Blurt!Sben

books

Finished reading The Steerswoman by Rosemary Kirstein. A kind of a fantasy novel about a group of (mostly) women who gather and share knowledge, and a group of (mostly) men who hoard it, this feels like the kind of story that a younger Ursula K. Le Guin might have written.

Apr. 28, 2023, 8:46pm (edited)

Finished reading The Echo Wife by Sarah Gailey. I read it compulsively, but it was really hard, about sexism and abuse and surviving them. It didn’t help that the protagonist — or at least the narrator, maybe she’s not the protagonist — is not especially likeable. I’m glad I read this, but I can’t easily recommend it.

Apr. 25, 2023, 9:05pm (edited)

Finished reading Saving Time by Jenny Odell. I read it slowly and sporadically, as I do with a lot of nonfiction, and I’m not sure what to make of it. There seem to be some deep insights about how we perceive time and how parts of it are a social construction, along with digressions about labor and inequity that Odell manages to pull back to the main topic, along with bits that feel a little too woo-woo for me.

Apr. 23, 2023, 12:33pm (edited)

Finished reading Dead Country by Max Gladstone, book seven or one in a series, depending how you count. (It’s seven, I think.) Anyway, interestingly, this book sort of rhymed with Gladstone’s previous, Last Exit, sharing some motifs, but I think this was the better book: tighter and with less clumsy preaching.

Mar. 16, 2023, 11:19pm (edited)

Finished reading The Terraformers by Annalee Newitz. I almost put this one down unfinished: The setting and story are incredibly inventive, and the characters’ portrayal and motivations very one-dimensional and clumsy. I actually found myself skimming parts, which I almost never do with fiction.

Mar. 12, 2023, 10:32am

Finished reading Babel by R.F. Kuang, about the translators’ college at Oxford in the 1830s that worked magic based on the tension between imperfectly-translated terms, and thus fueled the British Empire. About empire of course, and appropriation and systemic racism and such. I enjoyed this.

Mar. 6, 2023, 8:08pm

Finished reading Sea of Tranquility by Emily St. John Mandel, about plague, time travel, and the simulation hypothesis. Includes some more-mature forms of her standard tropes, plus links to other parts of the St. John Mandel Literary Universe. Quite good.

Feb. 22, 2023, 4:59pm

Finished reading Joan by Katherine J. Chen, historical fiction about Joan of Arc. Chen, properly, wrote her own interpretation of Joan, one who’s less a holy maid with visions and more “the Thomas Edison of handing a dude his ass” (note: not a quote from the book). The final part of the book was difficult to read — it’s a tragedy after all — but at least we don’t get to her being (spoiler for approx. six-century-old history) burnt at the stake.
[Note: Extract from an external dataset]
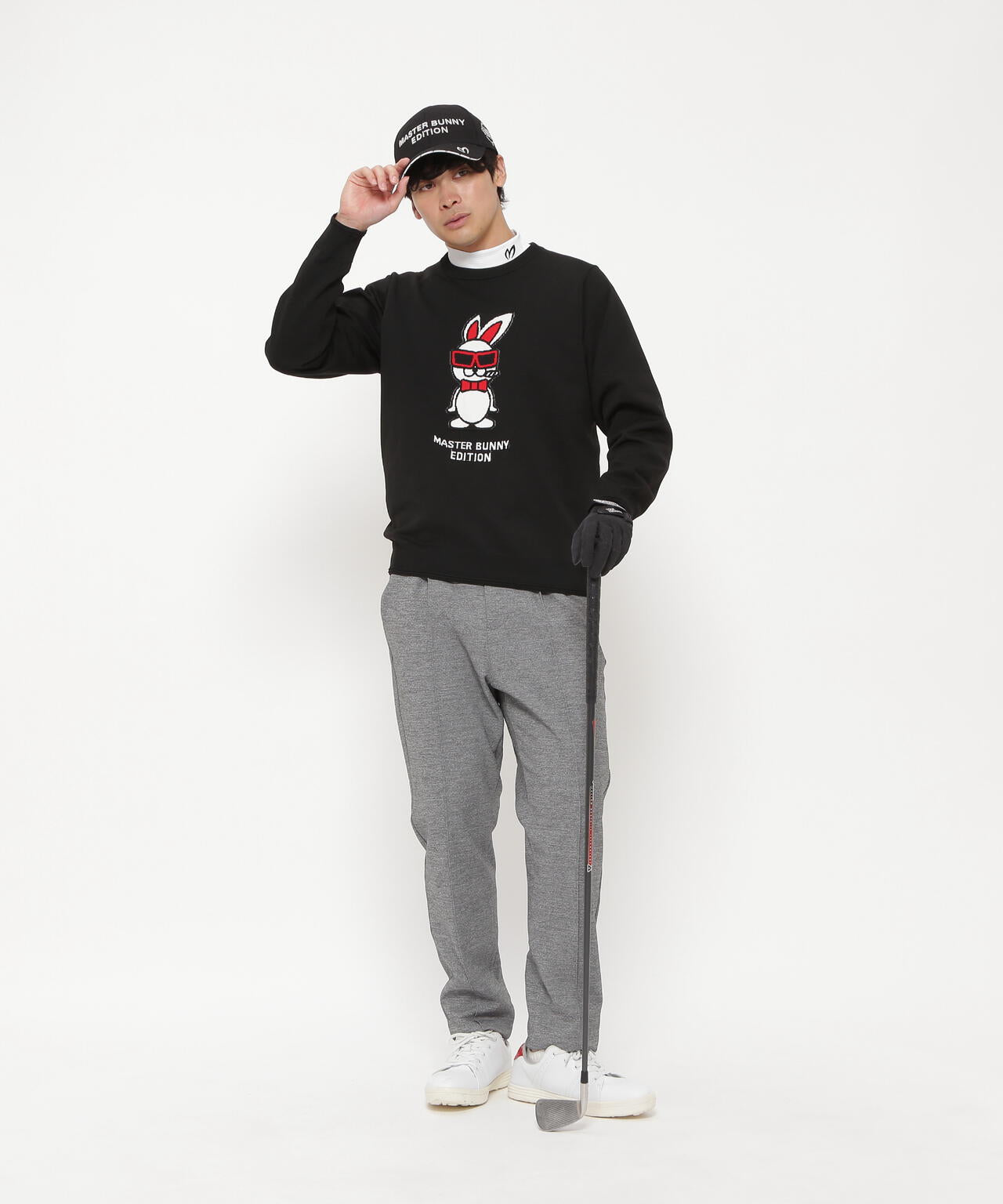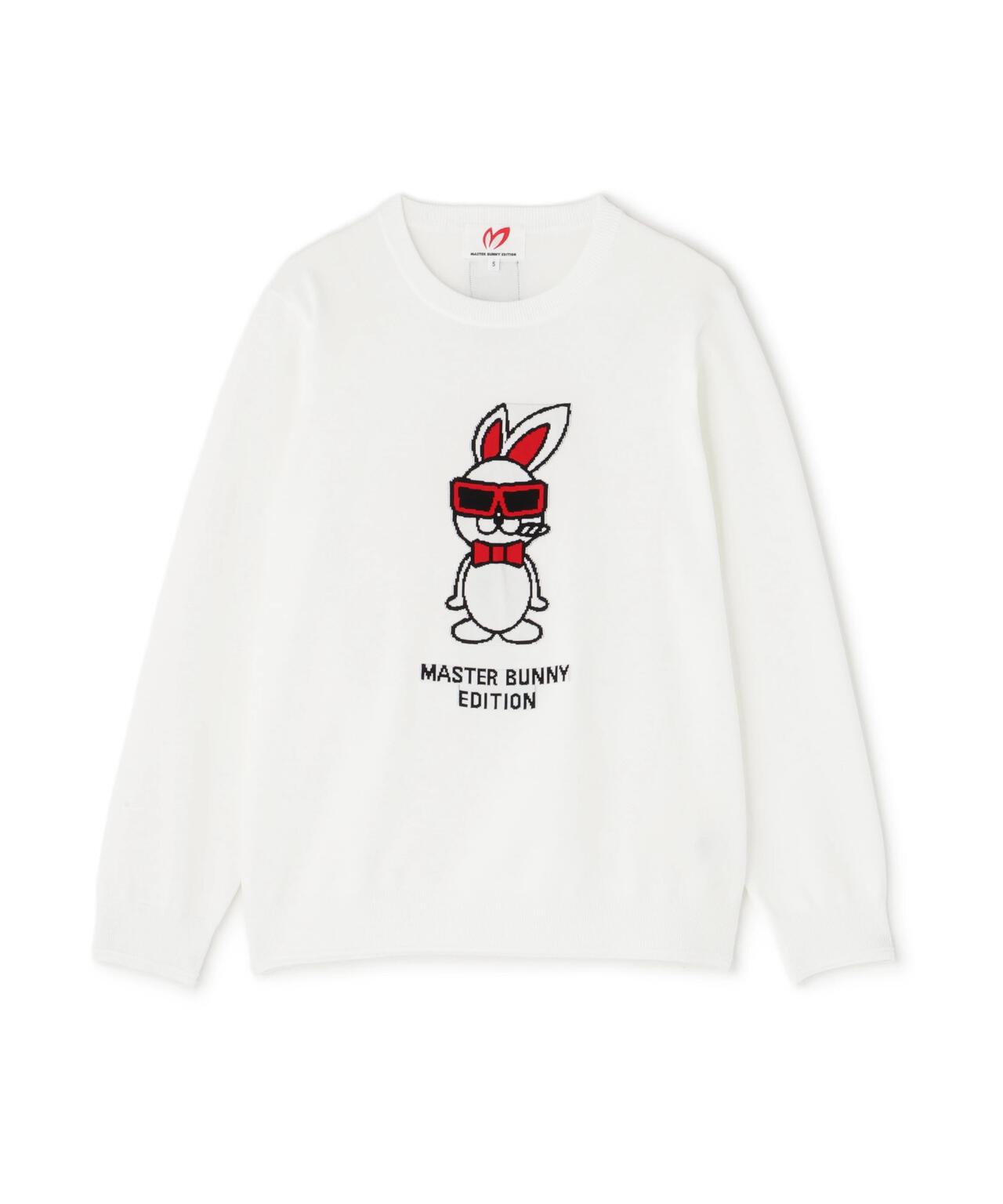 MBEのキャラクターのSWAGGY BUNNYでフロントにインパクトを与えた、SWAGGY BUNNY 天竺編みクルーネックニットプルオーバー。肌に直接あたってもチクチクしない、薄くて伸縮性があり、ソフトで肌触りの良いポリエステル素材を使用しています。さまざまなインナーに合わせやすい、適度にゆとりを持たせたシンプルでスッキリとしたシルエットを採用。ゴルフからデイリーシーンまで幅広く使える、着回し力抜群のブラックとホワイトの2カラー展開でご用意しています。

Side note / content warning / complaint: In the book, Joan’s sister is raped (offscreen, and handled delicately, but). I hope someday we can find a better plot point to motivate the main character.

Feb. 21, 2023, 9:11pm (edited)

Set aside After the Ice: A Global Human History, 20,000–5000 BC by Steven Mithen. I’m enjoying it, but it’s a big chonk of a book, and I have other library books due back soon. I’ll return to this while I’m between other books.

Feb. 17, 2023, 11:30pm

The book referenced several books and authors also referenced in The Old Ways, not entirely surprisingly.

Feb. 12, 2023, 9:53pm

Finished reading Imaginary Peaks by Katie Ives. The core of the book is a mountain climbing hoax, but it extends outwards to cartography and its difficulties, hoaxes more generally, and colonialism, among other things.

Feb. 12, 2023, 9:48pm

Finished reading Wolf Hall by Hilary Mantel. This was a big chonker of a book, about Thomas Cromwell’s rise from son of a blacksmith to most trusted councilor of Henry VIII (Henry the Butthead). Very enjoyable. I had one significant kvetch: Whether a writing tic or a stylistic choice, there were many passages with ambiguous pronoun references; sometimes I had to reread multiple times to understand what was happening.

Jan. 29, 2023, 10:04pm

The most obvious St. John Mandel motif in The Glass Hotel was the improbable connections between characters; some of the characters were hapless, but not as intensely so as in her earlier books.

Jan. 18, 2023, 8:19pm

Finished reading The Glass Hotel by Emily St. John Mandel. Ostensibly (and, to be fair, mostly) about a financial con, it’s also somehow about ghosts and maybe alternate realities. I think this is my favorite of her books (so far; I still haven’t read Sea of Tranquility).

Jan. 17, 2023, 9:46pm

I’ve now reread the ending of Golden Hill two or three times, which I never do.